This large membrane combined with its light weight suggested it
was an agile glider, the researchers said, although probably not
deft enough to capture its prey mid-flight.
V. antiquus had elongated limbs, like modern flying
mammals, and its skeleton suggested the presence of a stiff tail,
which would have acted as a rudder in flight.
The researchers believe the creature was tree-dwelling,
nocturnal and, because of its sharp teeth, most likely feasted on a
diet of insects.
This new find places the V. antiquus as the earliest
known flying mammal. Dr Jin Meng, an author on the paper and
palaeontologist at the American Museum of Natural History, said he
believed the creature lived between 130 and 165 million years ago.

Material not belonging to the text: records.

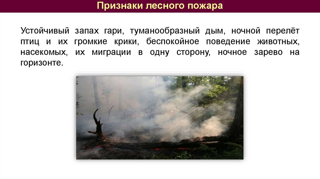 Признаки лесного пожараУстойчивый запах гари, туманообразный дым, ночной перелёт
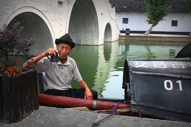 轻轻的,一艘乌蓬船靠到岸边,头戴乌毡帽的老大爷仰着被岁月侵蚀的脸,邀我们上船。来过绍兴,没乘过乌蓬船,是否太丢脸?
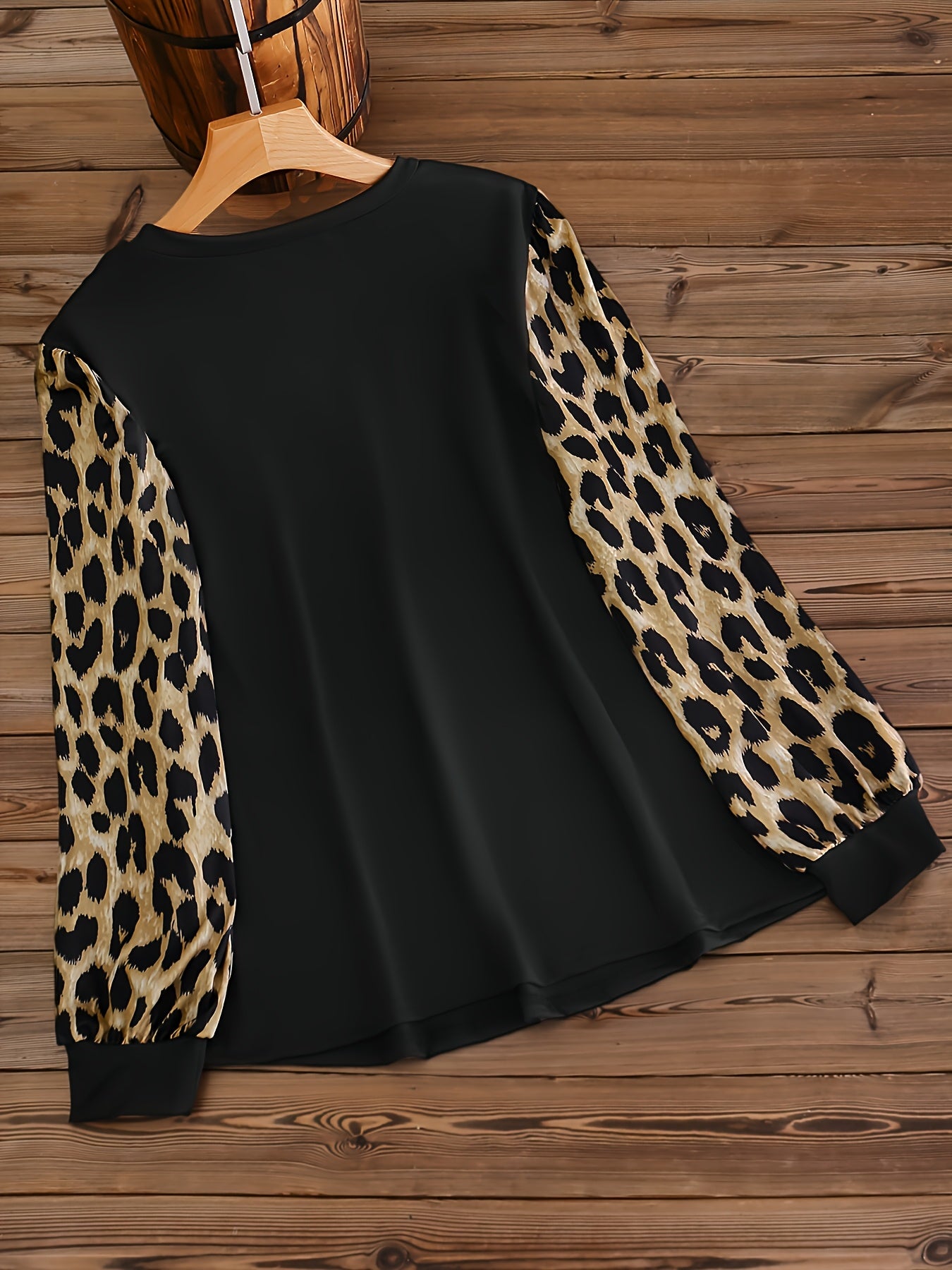 Klassik polyester to'qima matodan tayyorlangan, o'rtacha cho'zilishga ega bo'lgan, bahor/kovak uchun mo'ljallangan, plus o'lchamdagi rangli blok leopard naqshli crew neck futbolka.

With the earliest known flying bird, Archaeopteryx,
dating to about 150 million years ago, this could mean mammals
flirted with air travel before birds.
The earliest record of a bat, capable of controlled flight,
dates to about 51 million years ago; while, before this discovery,
the earliest known gliding mammal was a rodent that lived 30 million
years ago in the Late Oligocene period.
The researchers believe the gaps in the fossil records for
flying mammals are because the creatures delicate flying features
are difficult to preserve.
Dr Meng said: "This new evidence of gliding flight in early
mammals is giving us a dramatically new picture of many of the
animals that lived in the age of dinosaurs."
He added: "Establishing a new order probably only happens once,
if that, in the lifetime of a lucky palaeomammalogist."